Holy Cross Convent High School & junior college is an all-girls school located in K'Villa, Thane, Maharashtra, India. It was founded in 1964 and celebrated its Golden Jubilee in 2014.

The medium of instruction is English. The school houses classes from kindergarten up to twelve. The school follows the SSC (Secondary School Certificate) pattern of examination. It is one of the premier primary and secondary educational institutions in the Greater Mumbai (Bombay) area and has a widespread alumnae network.

History
In 1839, Mother Claudine Echernier founded the Congregation of the Sisters of the Cross of Chavanod  in France with the help of Friar Peter Marie Mermier (who founded the Congregation of the Missionaries of St. Francis de Sales, known worldwide for its Salesian Convent Schools).  The Sisters of the Cross spread to India in 1886  propagating their charitable educational goals for women in Amravati and then spreading to other parts of the country - Kolkata (Calcutta) and Vishakhapatnam amongst many places. Holy Cross Convent High School in Thane was founded in 1964 and while it quickly shed its character as purely an institution of charity, a true charity school for children in need of special care was built in the 1990s for which all the students raised significant amounts of money. The school retains its mission to help the deprived, and continues to embrace and teach the values of Peace, Purity, Knowledge, Achievement.

School Uniform
The school uniform consists of a red and white checkered pinafore dress, worn with a white half-sleeved blouse. This is common for both the primary section as well as the secondary section of the school. The only difference between the two uniforms is the distinctive tie worn by the two sections. The primary section wears a red tie with two downward sloping stripes with HCCS on it in the colors of the houses the students belong to. While the secondary section wears self-colored ties (red, blue, green and yellow) based upon the house in which the student belongs to.
The Physical Education uniform of the primary section consists of a round neck T-shirt in the colour of their respective houses with the school emblem on the front, in black. This is worn with a black divider skirt. While the secondary girls wear a white blouse with the red collar and the school logo of the colour of their house they belong to with a red divider skirt.

School Motto
"Lighted to Enlighten" is the motto of the school.

House system
The school is organized into four houses, namely– Red, Blue, Green and Yellow. Each house signifies a virtue and has a certain role-model for each virtue. The Red house stands for peace and is represented by Mother Teresa, Blue for purity and is represented by Rani Laxmi Bai, Green for knowledge (honesty in the primary section) and is represented by Indira Gandhi and Yellow for achievement and is represented by Sarojini Naidu. Holy Cross girls in the primary section wear red ties with their house stripes whereas the students in the secondary section wear ties of their individual house colours as a matter of pride and distinction within the School.

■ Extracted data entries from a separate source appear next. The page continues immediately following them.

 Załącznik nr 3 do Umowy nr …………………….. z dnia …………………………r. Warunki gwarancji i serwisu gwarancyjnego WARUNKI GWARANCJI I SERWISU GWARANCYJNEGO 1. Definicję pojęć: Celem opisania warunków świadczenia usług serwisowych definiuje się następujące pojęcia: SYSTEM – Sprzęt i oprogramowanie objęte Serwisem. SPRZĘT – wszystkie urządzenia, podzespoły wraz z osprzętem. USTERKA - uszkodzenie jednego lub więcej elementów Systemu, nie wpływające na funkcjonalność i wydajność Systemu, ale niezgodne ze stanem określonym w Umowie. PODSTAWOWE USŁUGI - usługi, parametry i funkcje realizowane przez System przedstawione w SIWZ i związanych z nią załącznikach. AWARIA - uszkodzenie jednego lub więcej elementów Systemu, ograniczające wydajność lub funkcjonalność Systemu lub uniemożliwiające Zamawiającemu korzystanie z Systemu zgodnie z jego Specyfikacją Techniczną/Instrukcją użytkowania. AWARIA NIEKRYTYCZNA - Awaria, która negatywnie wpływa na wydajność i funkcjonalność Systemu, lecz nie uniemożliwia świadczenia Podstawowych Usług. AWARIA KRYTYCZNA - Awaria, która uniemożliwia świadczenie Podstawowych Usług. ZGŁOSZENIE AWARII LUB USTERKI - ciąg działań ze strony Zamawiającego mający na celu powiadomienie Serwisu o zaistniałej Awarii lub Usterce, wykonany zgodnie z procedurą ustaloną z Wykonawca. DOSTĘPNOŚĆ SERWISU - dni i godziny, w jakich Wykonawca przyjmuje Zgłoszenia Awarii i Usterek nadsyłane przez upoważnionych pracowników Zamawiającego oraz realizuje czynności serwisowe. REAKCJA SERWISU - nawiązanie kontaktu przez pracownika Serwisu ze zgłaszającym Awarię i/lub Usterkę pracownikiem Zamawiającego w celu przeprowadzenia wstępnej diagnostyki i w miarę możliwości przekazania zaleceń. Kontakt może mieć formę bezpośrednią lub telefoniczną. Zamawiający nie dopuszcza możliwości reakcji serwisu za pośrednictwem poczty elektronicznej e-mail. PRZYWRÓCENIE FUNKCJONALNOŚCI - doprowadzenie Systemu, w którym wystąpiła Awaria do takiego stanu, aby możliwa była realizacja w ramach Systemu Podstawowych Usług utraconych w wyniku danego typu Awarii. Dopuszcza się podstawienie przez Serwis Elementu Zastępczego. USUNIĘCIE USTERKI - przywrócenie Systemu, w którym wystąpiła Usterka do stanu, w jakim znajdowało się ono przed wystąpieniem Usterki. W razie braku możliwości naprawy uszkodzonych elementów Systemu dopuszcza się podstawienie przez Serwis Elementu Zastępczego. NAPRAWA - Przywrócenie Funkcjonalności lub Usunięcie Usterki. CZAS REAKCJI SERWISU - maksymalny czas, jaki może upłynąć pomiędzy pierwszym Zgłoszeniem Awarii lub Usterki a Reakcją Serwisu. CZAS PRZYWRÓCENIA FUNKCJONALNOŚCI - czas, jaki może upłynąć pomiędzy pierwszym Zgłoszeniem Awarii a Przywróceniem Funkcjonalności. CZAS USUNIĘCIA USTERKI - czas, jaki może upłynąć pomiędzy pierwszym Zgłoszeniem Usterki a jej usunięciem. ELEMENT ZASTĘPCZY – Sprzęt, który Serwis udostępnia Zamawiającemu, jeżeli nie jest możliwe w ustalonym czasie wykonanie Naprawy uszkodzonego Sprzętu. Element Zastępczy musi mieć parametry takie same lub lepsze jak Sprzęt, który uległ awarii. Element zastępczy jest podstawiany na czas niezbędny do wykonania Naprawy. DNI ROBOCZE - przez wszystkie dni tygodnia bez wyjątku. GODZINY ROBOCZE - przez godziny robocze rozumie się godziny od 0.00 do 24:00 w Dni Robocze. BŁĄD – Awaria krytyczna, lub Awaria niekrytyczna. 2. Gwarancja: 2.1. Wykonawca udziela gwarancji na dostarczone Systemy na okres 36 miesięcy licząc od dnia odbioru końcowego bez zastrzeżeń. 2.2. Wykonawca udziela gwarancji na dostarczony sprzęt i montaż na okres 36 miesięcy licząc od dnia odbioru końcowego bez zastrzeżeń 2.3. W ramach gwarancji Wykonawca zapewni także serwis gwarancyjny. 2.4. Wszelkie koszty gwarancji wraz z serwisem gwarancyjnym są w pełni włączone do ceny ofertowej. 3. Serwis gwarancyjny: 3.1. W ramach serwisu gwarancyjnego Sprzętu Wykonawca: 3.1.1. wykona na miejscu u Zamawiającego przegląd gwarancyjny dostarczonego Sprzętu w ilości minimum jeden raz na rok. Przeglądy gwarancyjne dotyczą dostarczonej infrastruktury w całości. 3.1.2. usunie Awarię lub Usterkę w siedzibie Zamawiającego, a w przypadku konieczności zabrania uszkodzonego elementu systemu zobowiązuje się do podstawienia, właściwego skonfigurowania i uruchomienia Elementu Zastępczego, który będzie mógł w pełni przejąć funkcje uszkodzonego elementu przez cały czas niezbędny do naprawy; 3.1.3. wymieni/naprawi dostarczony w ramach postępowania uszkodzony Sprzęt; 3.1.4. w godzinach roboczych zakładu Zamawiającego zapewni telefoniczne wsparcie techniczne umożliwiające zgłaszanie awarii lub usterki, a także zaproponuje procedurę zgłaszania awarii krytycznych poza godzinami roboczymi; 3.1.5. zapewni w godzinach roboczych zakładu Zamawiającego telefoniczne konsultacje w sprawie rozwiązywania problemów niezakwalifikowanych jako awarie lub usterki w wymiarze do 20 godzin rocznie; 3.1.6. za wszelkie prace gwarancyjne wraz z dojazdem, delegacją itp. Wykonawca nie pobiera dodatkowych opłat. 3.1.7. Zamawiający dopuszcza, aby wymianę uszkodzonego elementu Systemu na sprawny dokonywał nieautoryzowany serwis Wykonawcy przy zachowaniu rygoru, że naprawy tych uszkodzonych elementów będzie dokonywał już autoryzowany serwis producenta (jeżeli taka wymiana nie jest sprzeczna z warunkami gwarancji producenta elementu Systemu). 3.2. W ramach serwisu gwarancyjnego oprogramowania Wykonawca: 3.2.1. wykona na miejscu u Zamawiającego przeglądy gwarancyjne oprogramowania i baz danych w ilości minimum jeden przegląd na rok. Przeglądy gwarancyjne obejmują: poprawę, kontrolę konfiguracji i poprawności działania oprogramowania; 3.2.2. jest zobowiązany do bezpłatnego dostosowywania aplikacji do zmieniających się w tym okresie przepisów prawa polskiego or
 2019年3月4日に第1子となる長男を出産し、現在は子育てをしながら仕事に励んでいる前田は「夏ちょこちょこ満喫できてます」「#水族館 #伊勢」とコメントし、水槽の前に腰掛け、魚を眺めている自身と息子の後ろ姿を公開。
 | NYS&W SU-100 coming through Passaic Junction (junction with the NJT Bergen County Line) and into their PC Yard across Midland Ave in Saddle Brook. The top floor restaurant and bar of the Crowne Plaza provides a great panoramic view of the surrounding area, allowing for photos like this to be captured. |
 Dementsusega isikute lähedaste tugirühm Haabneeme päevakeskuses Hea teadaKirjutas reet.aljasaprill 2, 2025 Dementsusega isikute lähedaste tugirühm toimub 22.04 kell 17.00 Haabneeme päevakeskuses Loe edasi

Each house participates actively in various events ranging from literary to sports. Points are awarded based on the house's performance in academics and extra curricular activities such as music, dance, painting, debates, elocution etc. The Inter–House competitions generate a healthy and competitive atmosphere for the girls which encourages them to succeed.

On Annual Sports Day, each house participates in different sporting events. The drill display by the Houses is the most spectacular part of the Sports Day. The House that earns the maximum points is awarded the 'Best House of the Year Trophy'.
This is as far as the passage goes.